When is it okay to use measure type: number? (ERROR: Column must appear in the GROUP BY clause or be used in an aggregate function)

low_priority
done
reply
(Nicole Beyer) #1

Measures of type: number are meant to be used to perform simple transformations on other measures. If you use a measure of type: number without aggregating any data Looker will throw errors, or worse, fail to throw errors but return bad data.

If Looker does throw an error it will probably be of the form:
A field must appear in the group by clause or be used in an aggregate function.

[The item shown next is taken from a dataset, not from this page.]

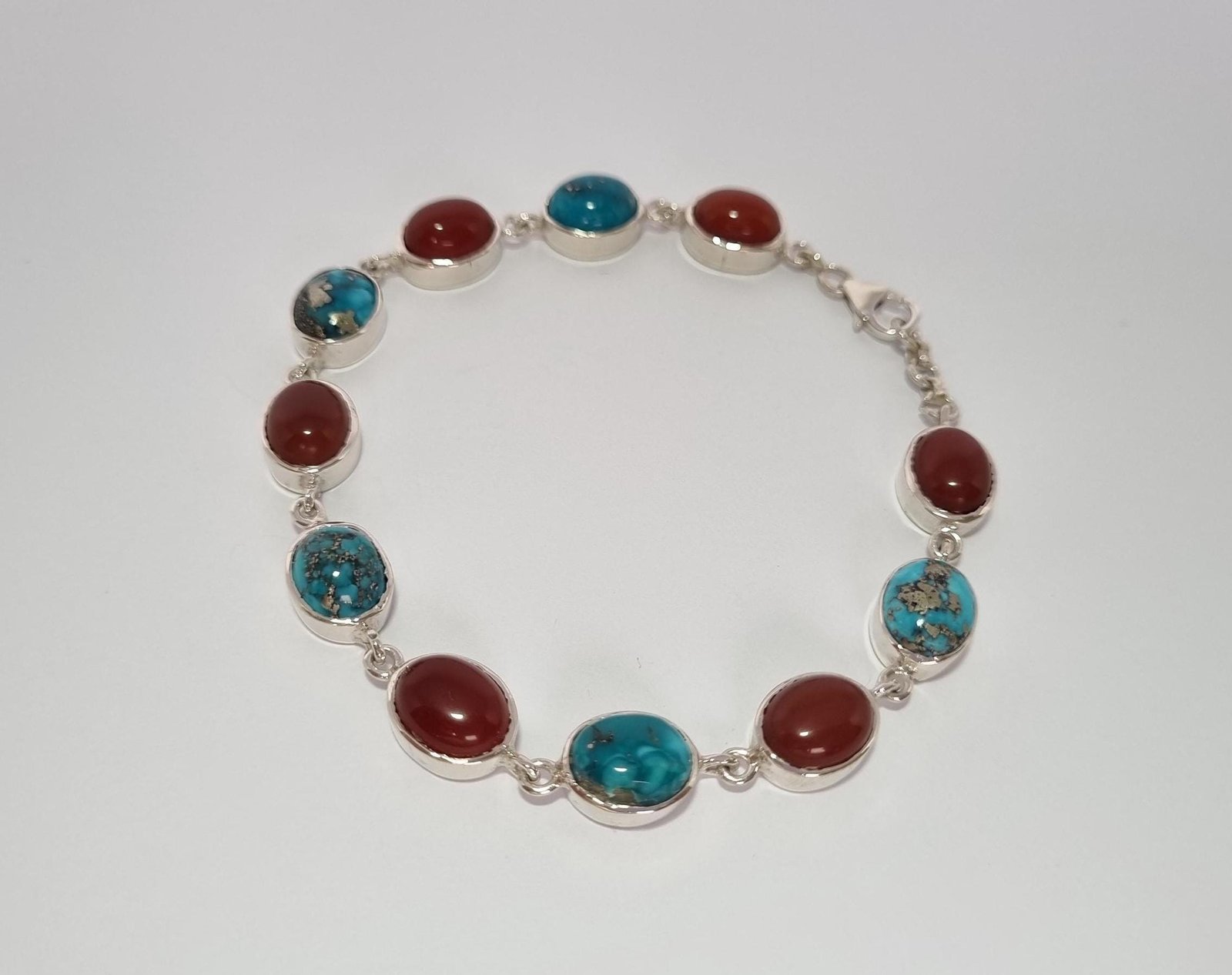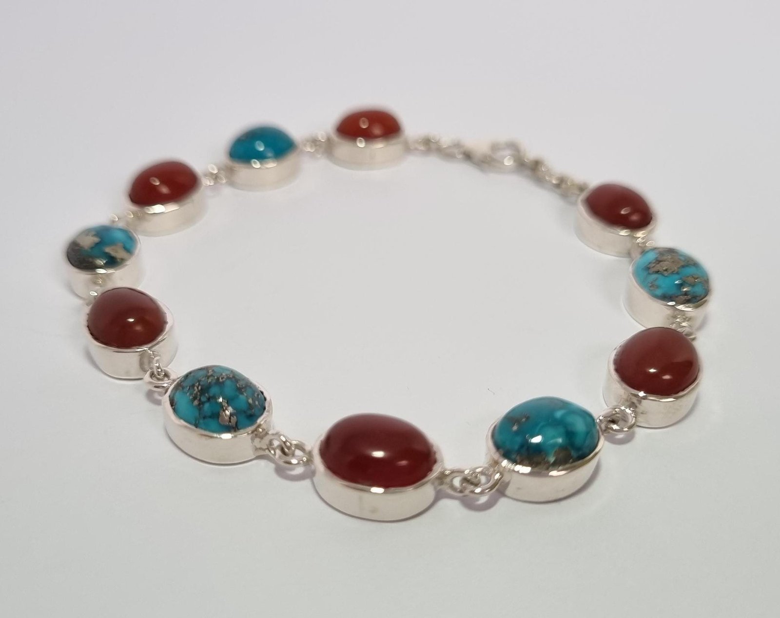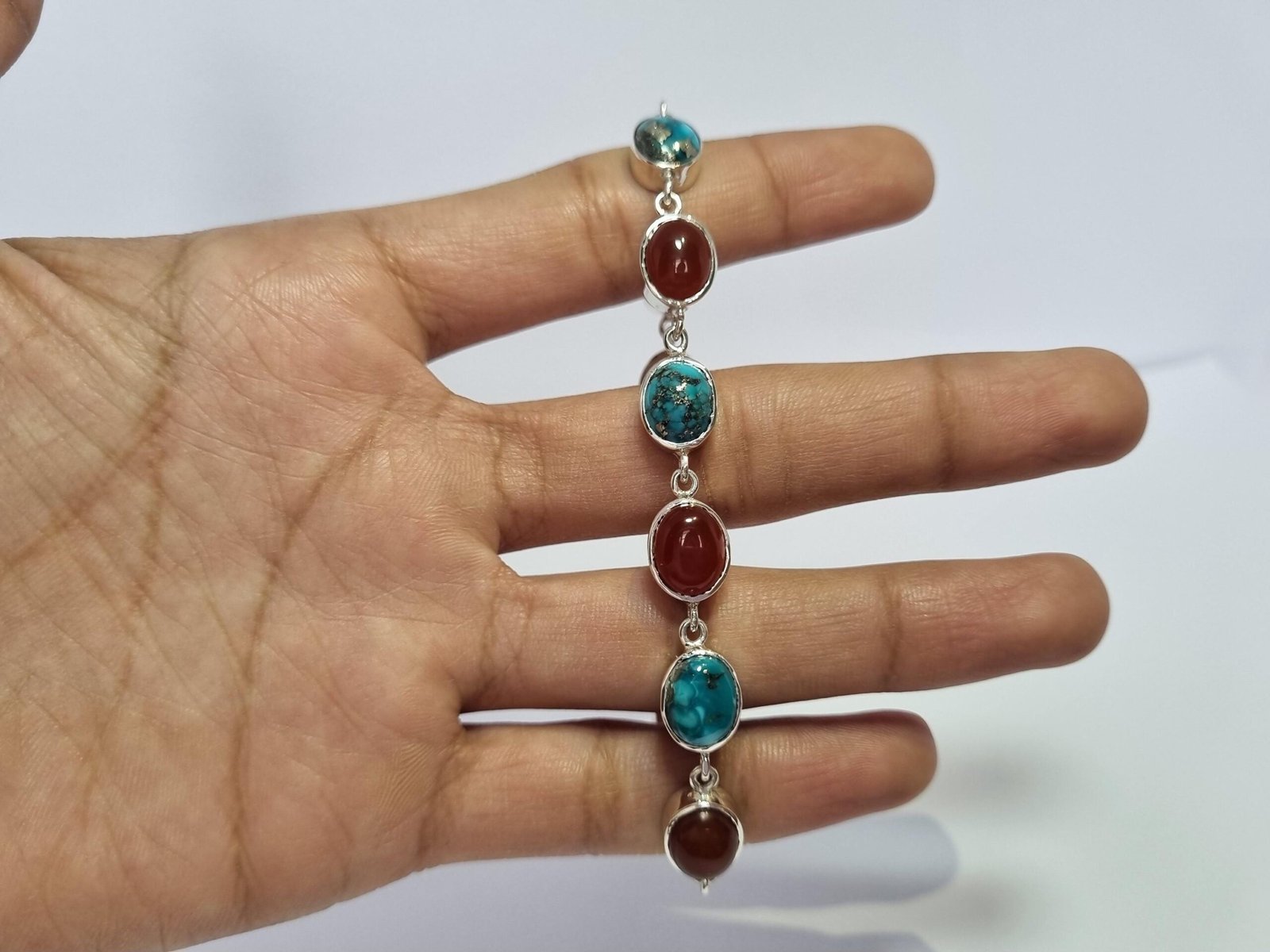 • Enhance your style with our exquisite Natural Aqeeq and Turquoise Bracelet, beautifully crafted in premium sterling silver.

For example, say we defined some dimensions and measures in the following manner:

dimension: taxi_out_time {
  type: number
  sql: ${TABLE}.taxi_out ;;
}

dimension: taxi_in_time {
  type: number
  sql: ${TABLE}.taxi_in ;;
}

measure: type_number_to_break  {
  # bad measure!
  type: number
  sql: ${taxi_out_time} - ${taxi_in_time} ;;
}

Looker will throw the following error if we attempt to create an query that includes taxi_in_time and our bad measure type_number_to_break:

This error occurs because of the way dimensions and measures map to columns in SQL. A Looker dimension tells SQL that this column should appear in the GROUP BY clause, whereas a measure is meant to be aggregate and thus should not appear in the GROUP BY clause.

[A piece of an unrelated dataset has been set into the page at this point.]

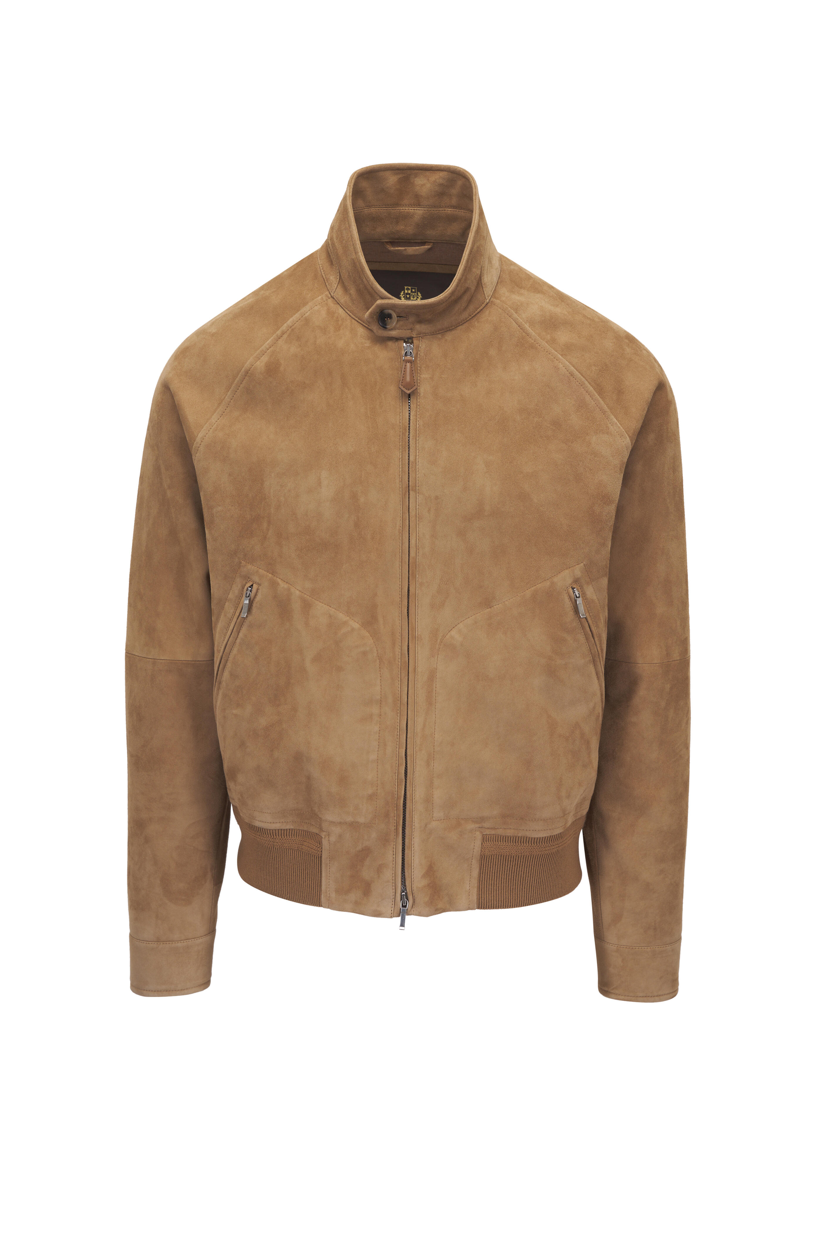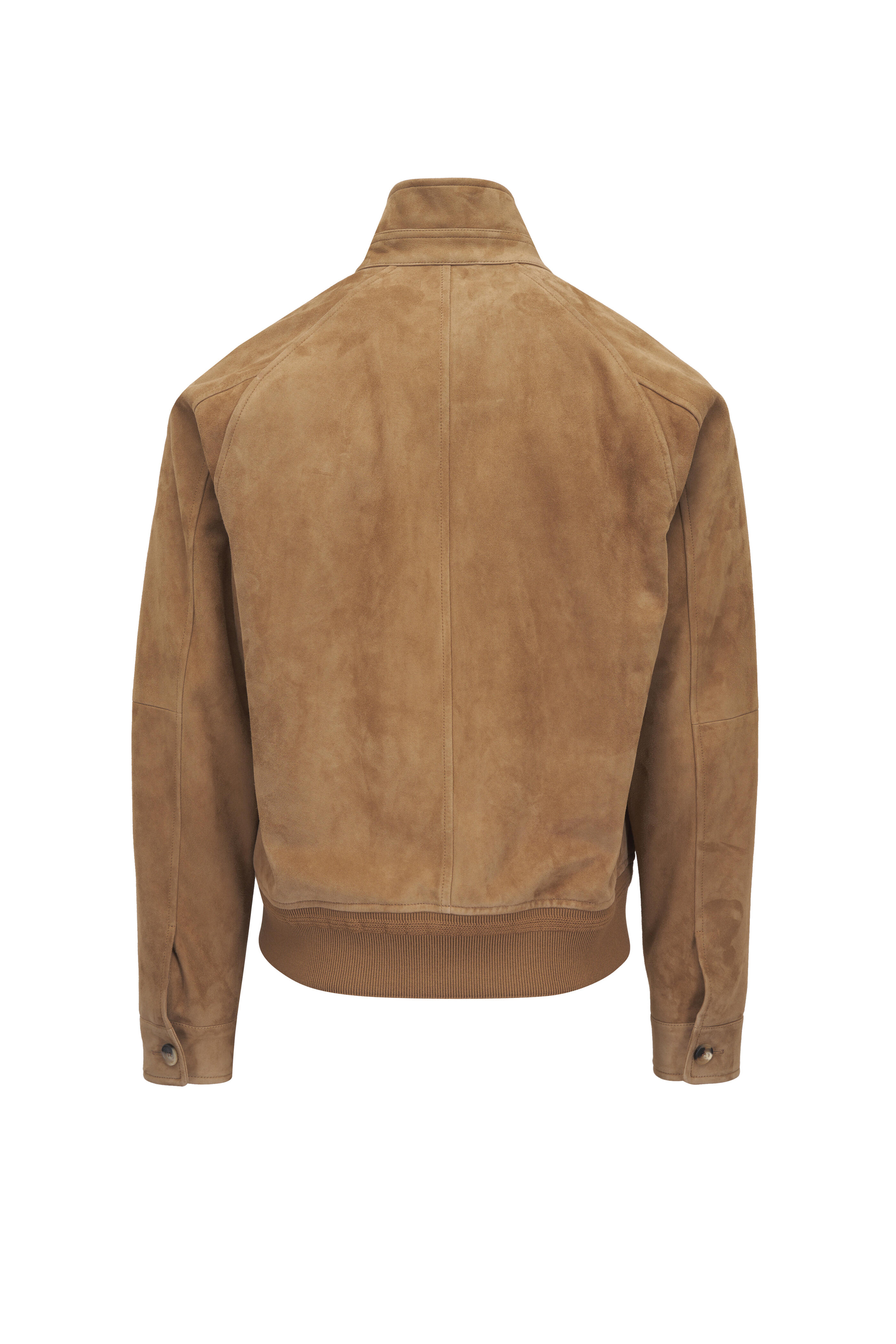 Stand collar; button closure. Two-way front zip placket. Lower waist zip pockets. Single button square cuffs. Ribbed hem. Made in Italy. Shoulder to hem 25" (size 40 R). 100% Lambskin; fully lined. Dry clean.

So, when we declare a measure type: number without actually performing an aggregation, SQL excludes this column from the GROUP BY clause when it in fact should be in the GROUP BY clause

A Dangerous Edgecase

We note that Looker will not always throw an error. For example, if we run a query with all three of the fields we defined above Looker will not throw an error because we happened to include both dimensions that the bad measure is based on, thus everything is included in the GROUP BY clause. However, we note that the data is still not being aggregated, possibly leading to inaccurate data.

3 Likes

(sam) #2

Measures should always perform aggregations. Given that, you’ll want to solve this error by either:

  1. Using a dimension instead of a measure. This would work in the example above, where the two inputs are just dimensions.
  2. Turn the dimensions into measures before using a measure of type number. You can do this with a dummy measure of type max, for example.
1 Like

(sam) #3

Another Dangerous Edge Case: MySQL

MySQL won’t throw an error like this, and will allow arithmetic between aggregates and non-aggregates. However, this behavior should still be avoided.

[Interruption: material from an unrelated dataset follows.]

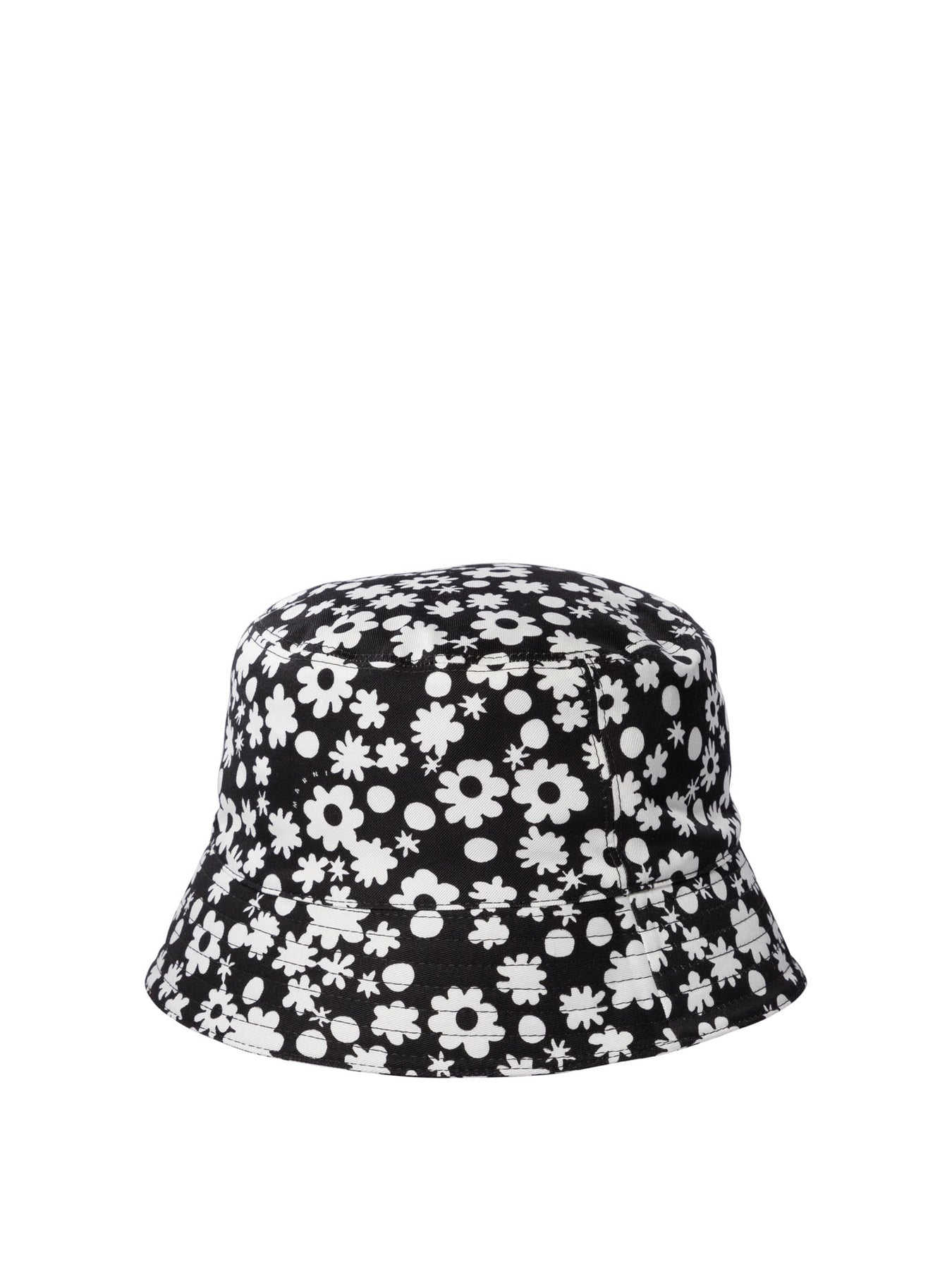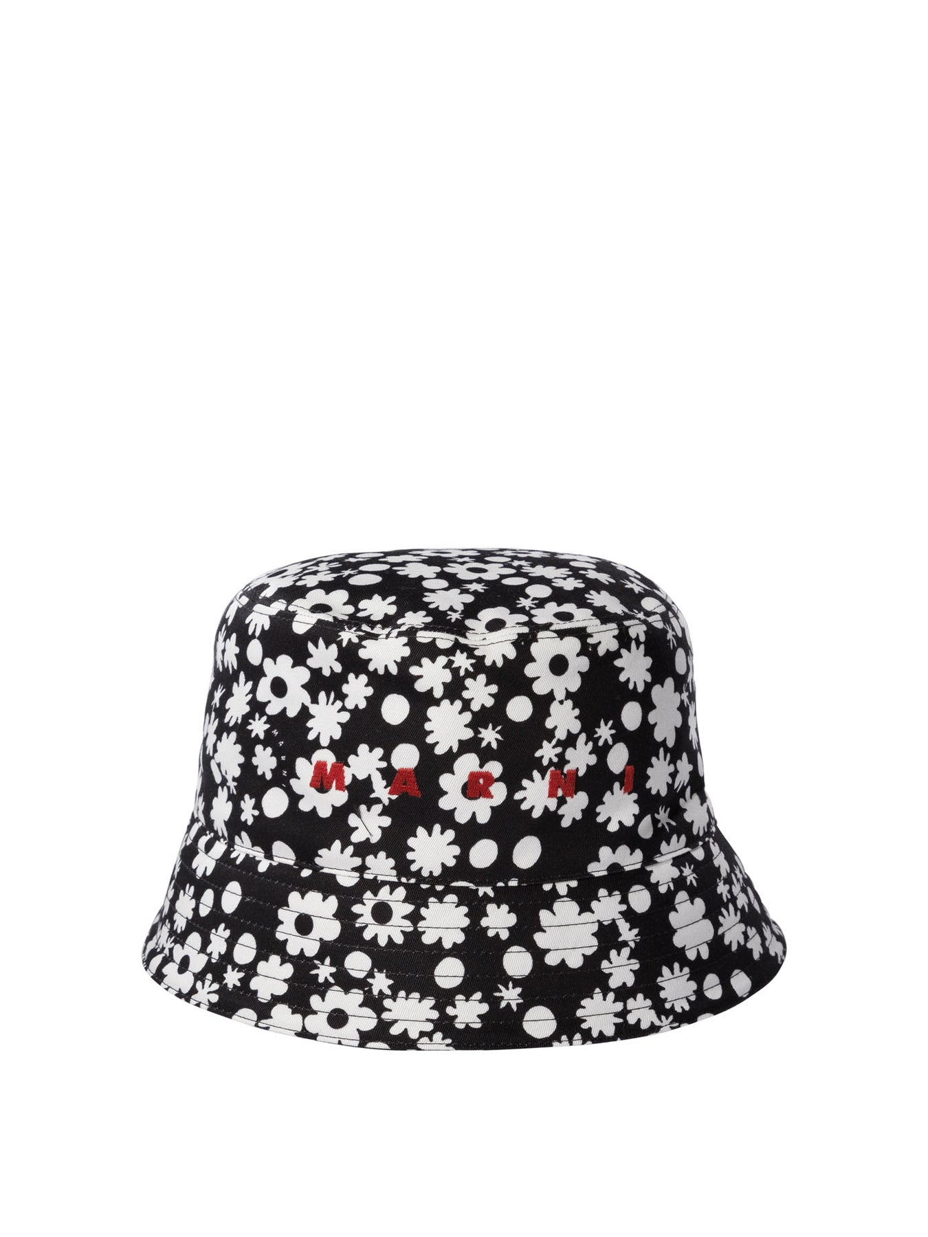 Marni cotton bucket hat with soft texture and round silhouette. The construction includes a flat crown that keeps the shape, while the brim is narrow and low. The surface is entirely covered with a uniform floral print. A front logo embroidery finishes the hat, integrating a distinctive element on the front. The main material is cotton. || - Cotton - All-over floral print - Flat crown - Front logo embroidery - Narrow, low brim

Take for example this query which selects all the “years” in my video game database. Year isn’t a primary key, and we aren’t grouping by year, so we see several duplicates. This seems expected.

|650xauto

The problem arises when we also select a COUNT(*) without any grouping. As expected, in the below query we get back one row with the full count of records. But we also see the “year” here as well, with a random value chosen. Most databases would have errored here instead of showing us a year.

|650xauto

While this may seem purely cosmetic, this can lead to bad data fast once you start doing arithmetic between the aggregated count and unaggregated year. Since you don’t know which year will be used, your result in the below query is probably unexpected and incorrect.

​|650xauto

0 Likes

(Izzy) #4

What do you mean by “random”? Is it actually just throwing out a random value, or is that a count that’s just inaccurate due to the grouping (or lack thereof) ?

Also, thanks for sharing! sneaky.

0 Likes

(Pan Sun) #5
measure: type_number_to_break  {
 type: sum
 sql: ${taxi_out_time} - ${taxi_in_time} ;;
 }
0 Likes